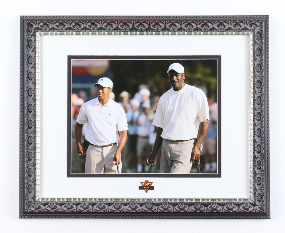 Michael Jordan & Tiger Woods Custom Framed Photo Display with Nike Tour Pin
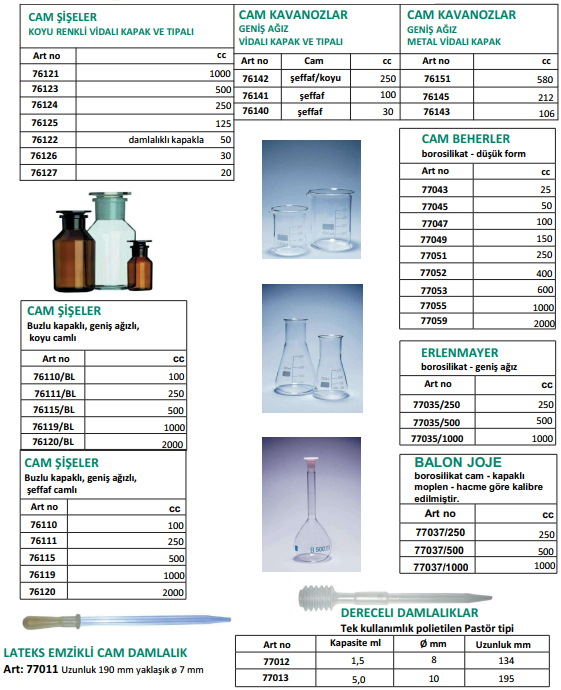 CAM LABORATUVAR MALZEMELERİ
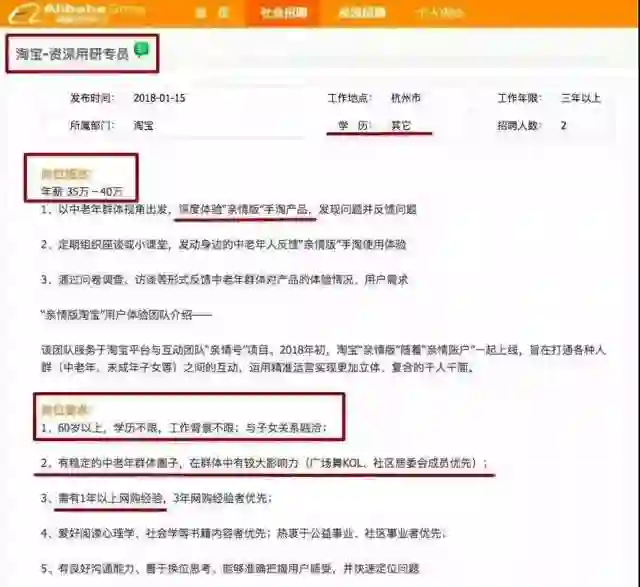 淘宝对“高薪+高龄”的解释则是,为了全面围绕中老年消费群体定制新的“亲情版”淘宝体验,从而打通长辈和子女之间的互动,进行千人千面的精准运营,而40万的年薪也代表了平台对这个岗位价值的合理判断。
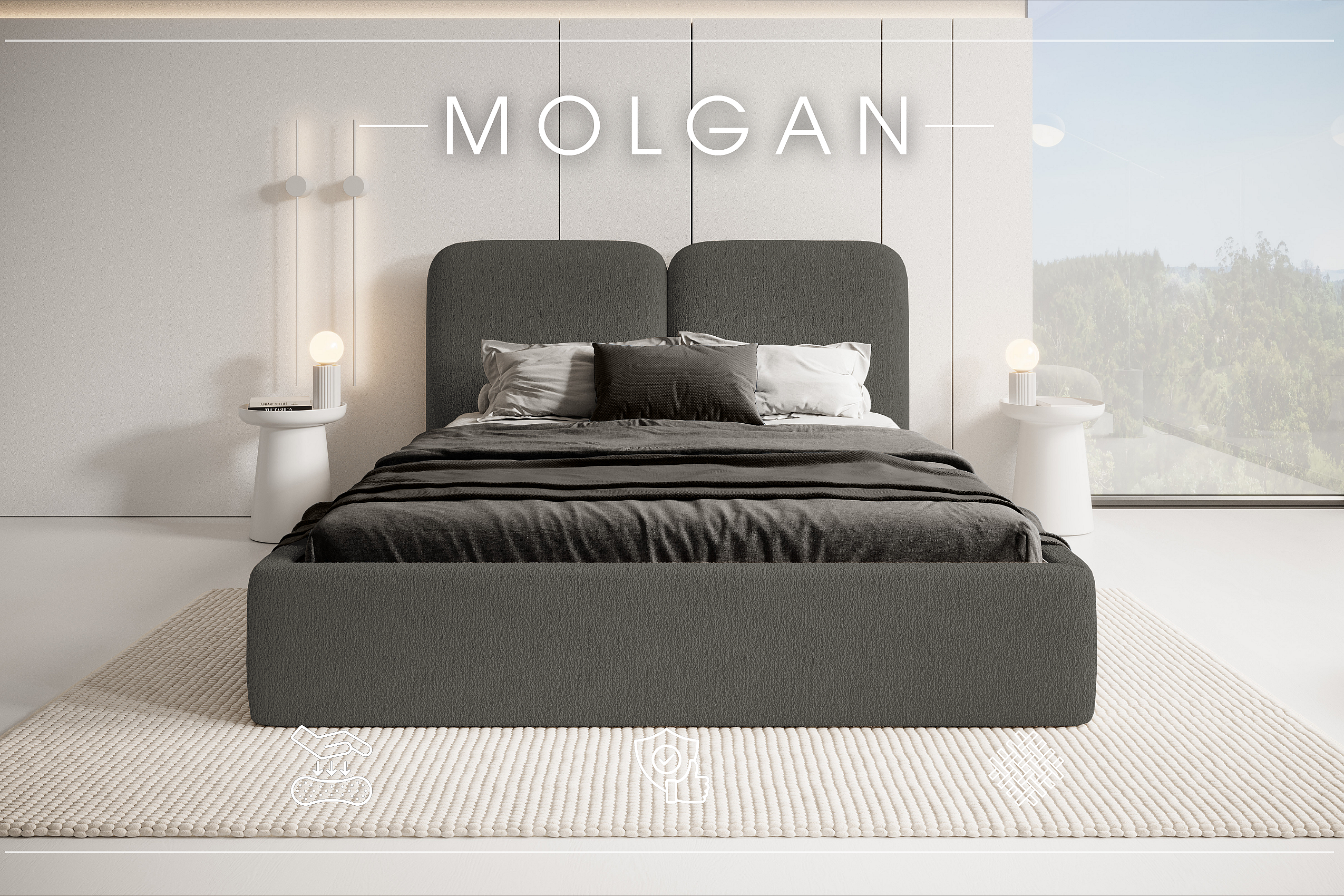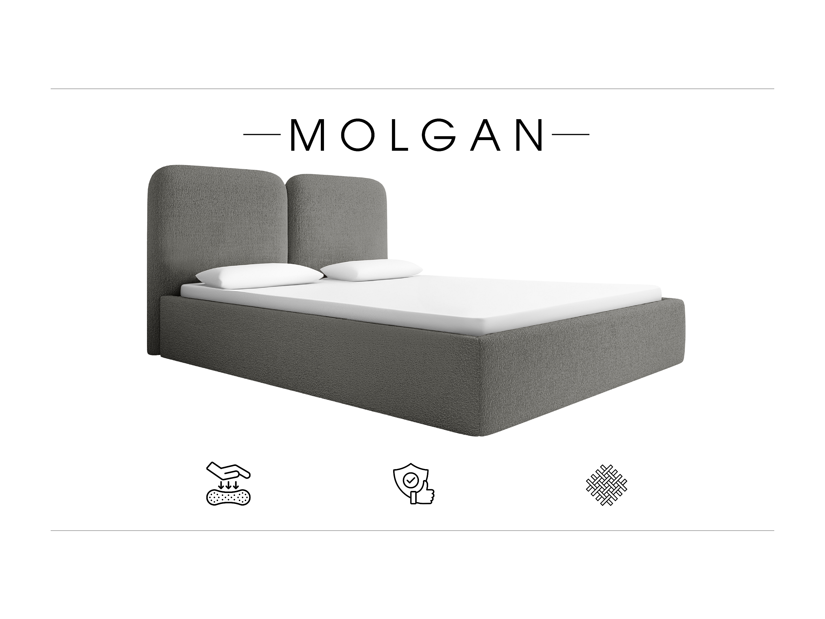 LIT CAPITONNÉ avec coffre de lit Molgan Gris/Brun 180x200 cm
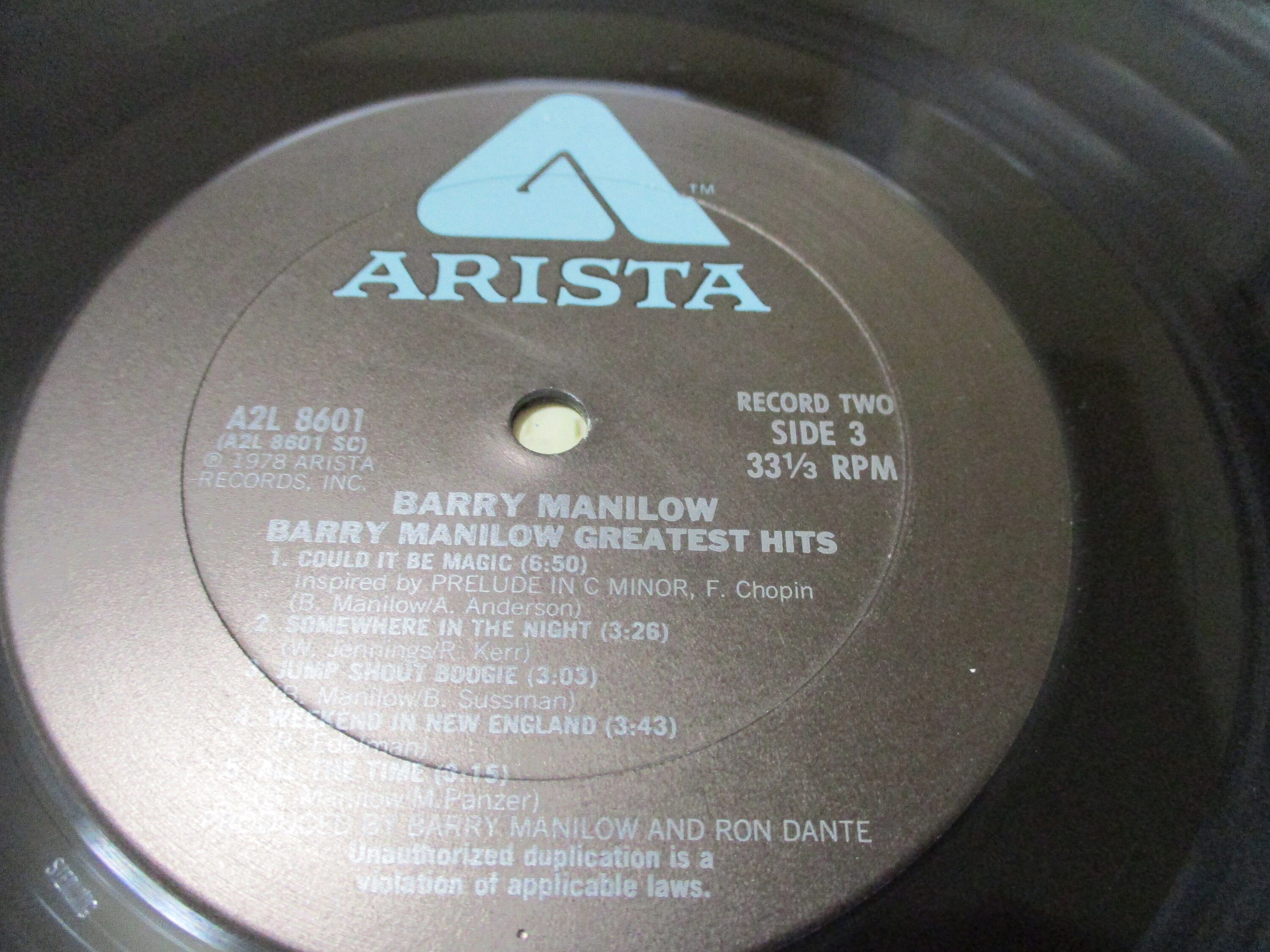 Vintage 1978 Vinyl LP Record Barry Manilow Greatest Hits Excellent Condition. Original cover is in excellent condition and includes both original inner paper sleeves. Both records are excellent plus. Tracks are as follows
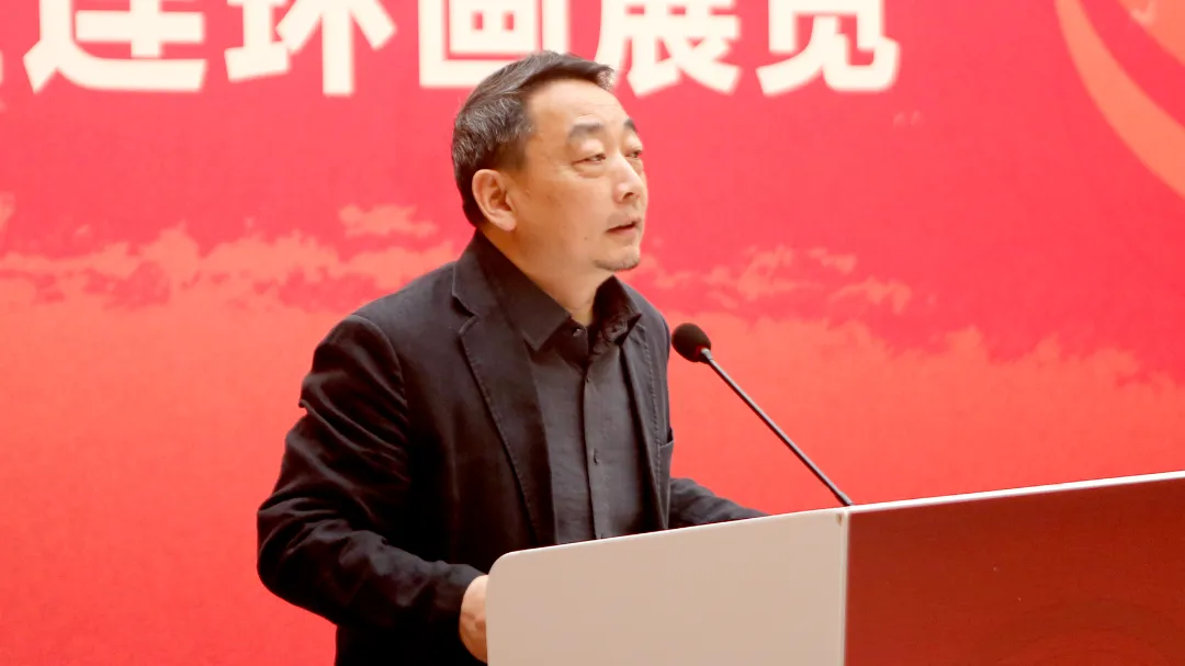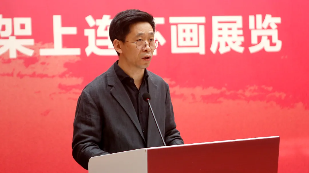 中国美术家协会连环画艺委会主任李晨在致辞中回顾了架上连环画展自2010年创办至今的16年历程,以架上展览的形式延续这一传统艺术事业。他表示,当前连环画艺术正迎来复苏,不仅传统经典作品受到关注,架上连环画展览主题始终紧扣国家大政方针,先后推出“中国故事”“新征程新篇章”“脱贫攻坚”“同心筑梦民族团结”等系列主题,累计巡展达60余场,让更多大众有机会接触连环画原作,了解这一艺术形式的魅力。
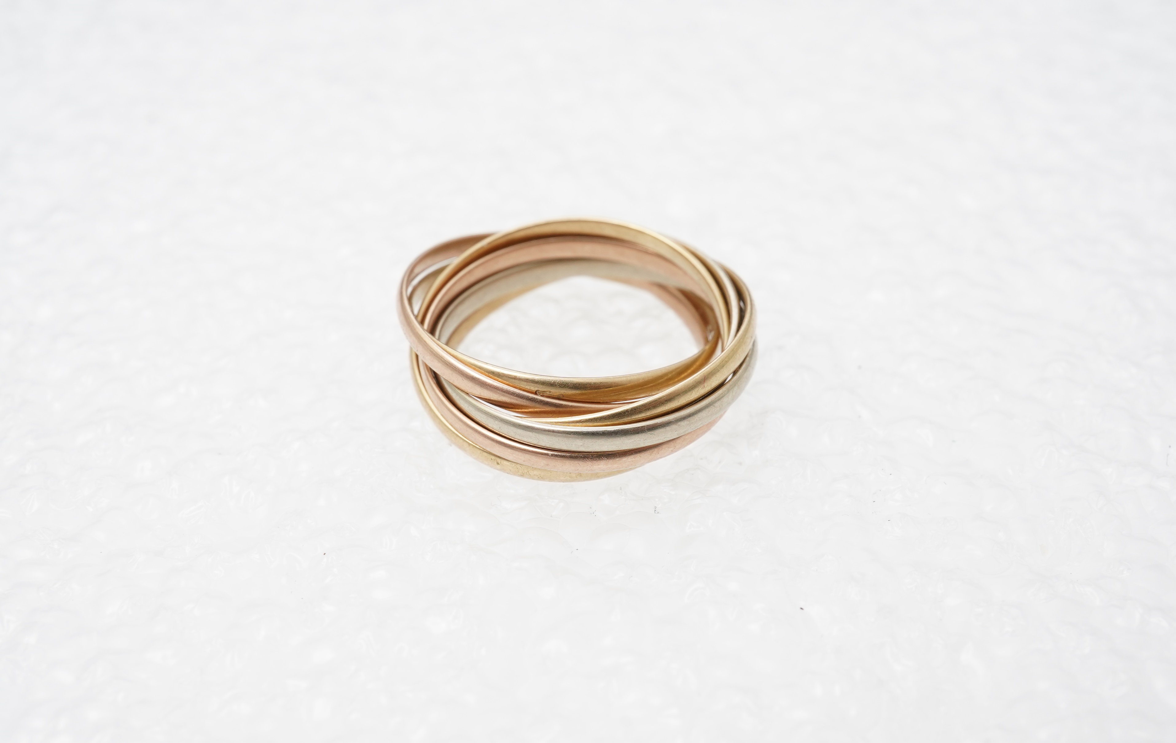 A Russian-style gold wedding band, composed of seven bands of yellow, rose and white gold, size K, stamped Cartier, French assay marks for 18ct gold to yellow bands
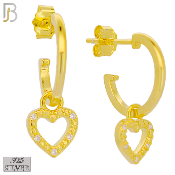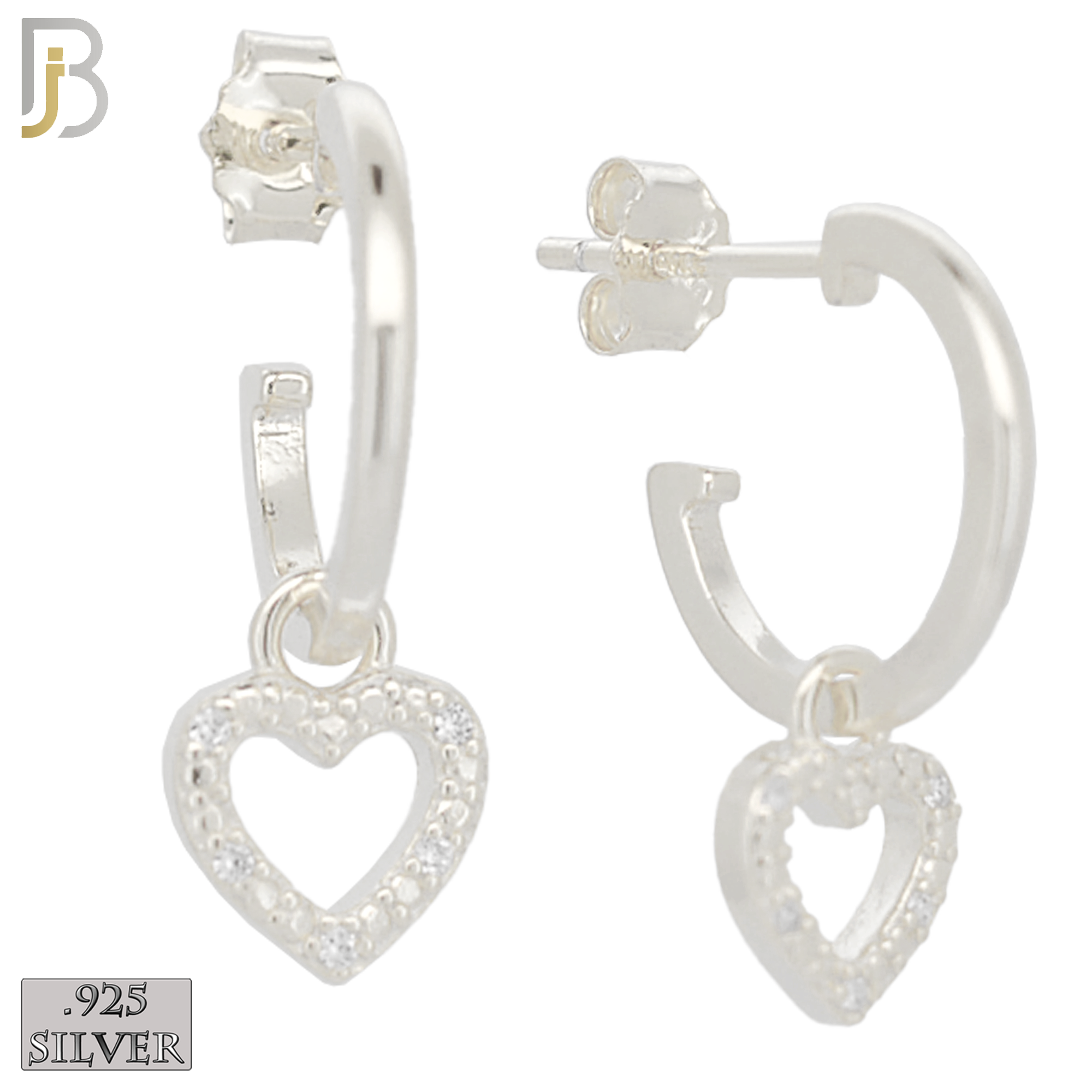.925 Sterling Silver Half Hoops with Dangling Hollow Heart with Zircon Design Earrings Stud

Instructions for the task.
Reproduce exactly the entries from their first line through the line containing "LIT CAPITONNÉ avec", including both, and omit any pictures.

Expected answer.
 Michael Jordan & Tiger Woods Custom Framed Photo Display with Nike Tour Pin
 CAM LABORATUVAR MALZEMELERİ
 淘宝对“高薪+高龄”的解释则是,为了全面围绕中老年消费群体定制新的“亲情版”淘宝体验,从而打通长辈和子女之间的互动,进行千人千面的精准运营,而40万的年薪也代表了平台对这个岗位价值的合理判断。
 LIT CAPITONNÉ avec coffre de lit Molgan Gris/Brun 180x200 cm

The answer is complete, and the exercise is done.